We think that SBI Savings Fund will be able to re-invest the proceeds of the maturing papers in their portfolios at incrementally higher yields, giving higher returns to investors.
What are money market funds?
Money market funds are fixed income mutual fund schemes which invest in money market instruments having maturity of up to 1 year. Tri-party repos (TREPs), Treasury Bills, Commercial Papers (CPs), and Certificates of Deposits (CDs) etc are money market instruments. The risk profile of these schemes is higher than overnight, liquid and ultra short duration funds, but lower than longer duration funds (e.g. short duration funds, medium duration funds, long duration funds etc).
Money market funds usually use accrual investment strategy i.e. they hold the debt and money market instruments in their portfolio till maturity. If you have an accrual strategy, interest rate changes will have no effect on your returns. The value of your portfolio may fluctuate but on maturity you will get the accrued interest and the principal; so your return can be quite predictable in line with the yield (YTM) of the instrument.
About SBI Savings Fund
SBI Savings Fund was launched in 2004 and has nearly Rs 21,864 crores of assets under management (AUM). The expense ratio of the scheme is only 0.76%. Mr R. Arun has been managing this scheme for the last 10 years. The scheme has given north of 7% CAGR returns since inception.
The investment strategy would be towards generating stable returns through a portfolio of Money Market instruments seeking to capture the term and credit spreads. The chart below shows the performance of SBI Savings Fund versus S&P BSE Liquid Rate Index. You can see that SBI Savings Fund was able to give higher returns than liquid funds by investing in the right portion of the yield curve and capturing credit spreads.
Source: Advisorkhoj Research
Why invest in SBI Savings Fund?
SBI savings fund has an average maturity of 0.41 year and modified duration of 0.39 year. This means that the scheme has limited interest rate risk. Even interest rates go up 100 bps in the next 6 – 12 months the effect on scheme return will be only -0.39%. If the instruments are held till maturity, then interest rate changes will have no impact on scheme returns.

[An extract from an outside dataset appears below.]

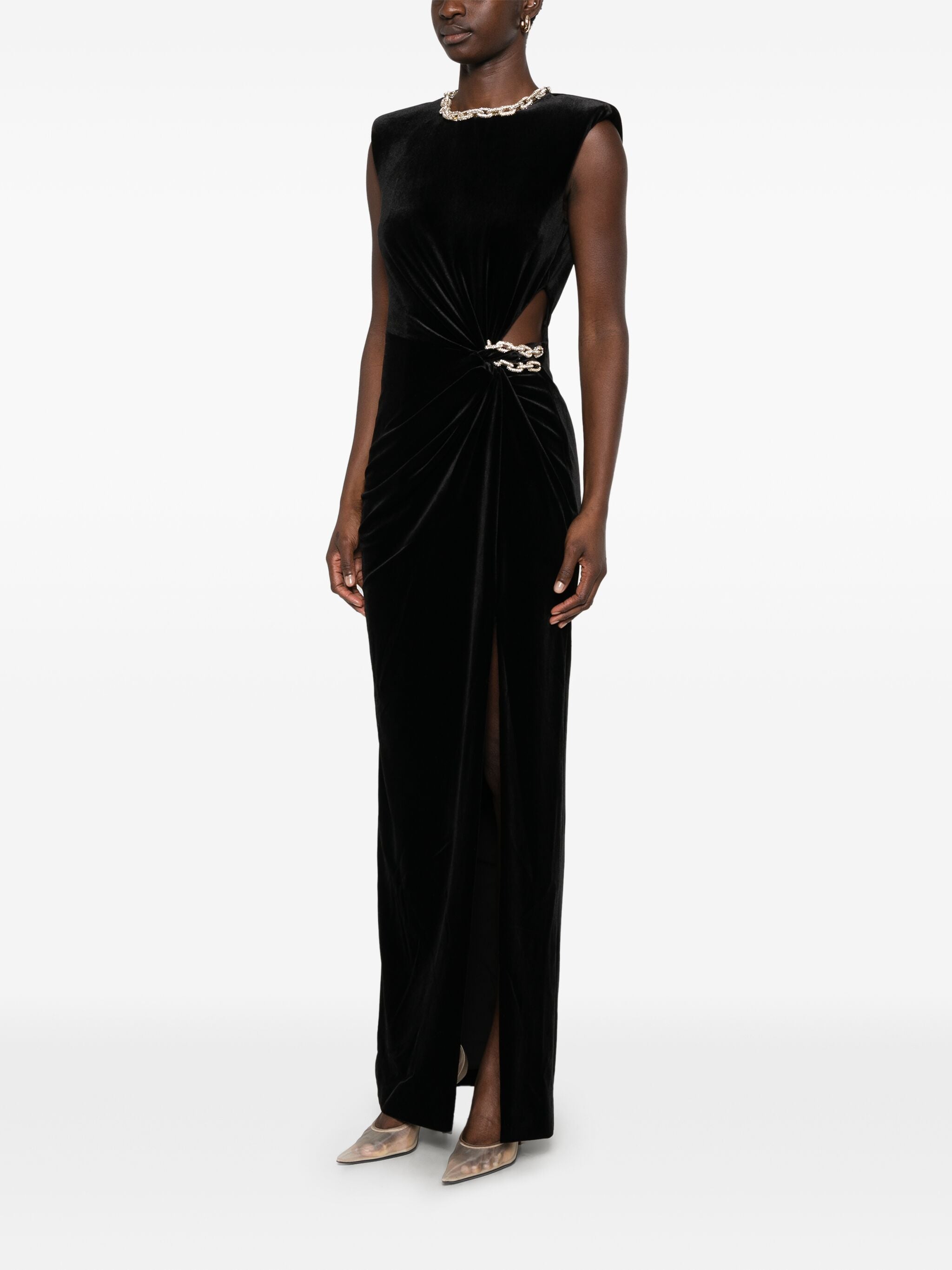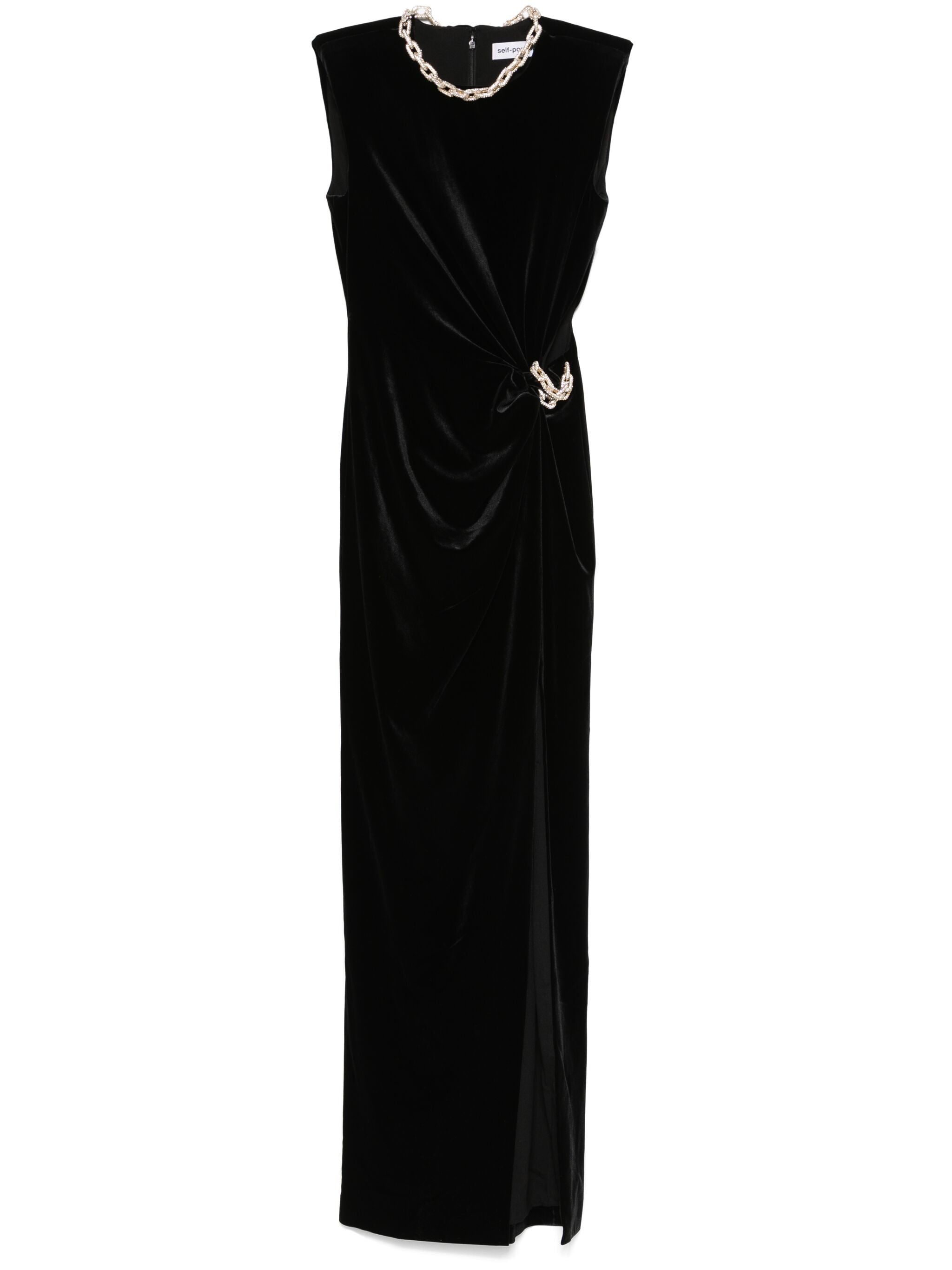 セルフポートレートブラックベルベット装飾されたマキシドレス

The current yield to maturity (YTM) of the scheme is 5.58% and is likely to go up in the future, as the scheme re-invests proceeds of maturing instruments at higher yields. The credit quality of the scheme is very high – 95% of the papers are either sovereign or rated A1+ (highest credit rating for money market instruments).
Who should invest in SBI Savings Fund?
- Investors who have investment tenures of at least 1 year can invest in money market funds.
- Investors who want income with relatively low volatility over longer investment tenures can also invest in money market funds.
- If you want to invest in an equity fund but are worried about short term volatility, you caninvest in SBI Savings Fund and transfer through Systematic Transfer Plan from this fund to the equity fund of your choice. In this way, you can get more liquidity and returns from the money market fund and take advantage of the equity fund volatility through rupee cost averaging. Money market funds are suitable for STPs because they are less volatile than longer duration funds.
Investors should consult with their financial advisors if SBI Savings Fund is suitable for their investment needs.
Mutual Fund Investments are subject to market risk, read all scheme related documents carefully.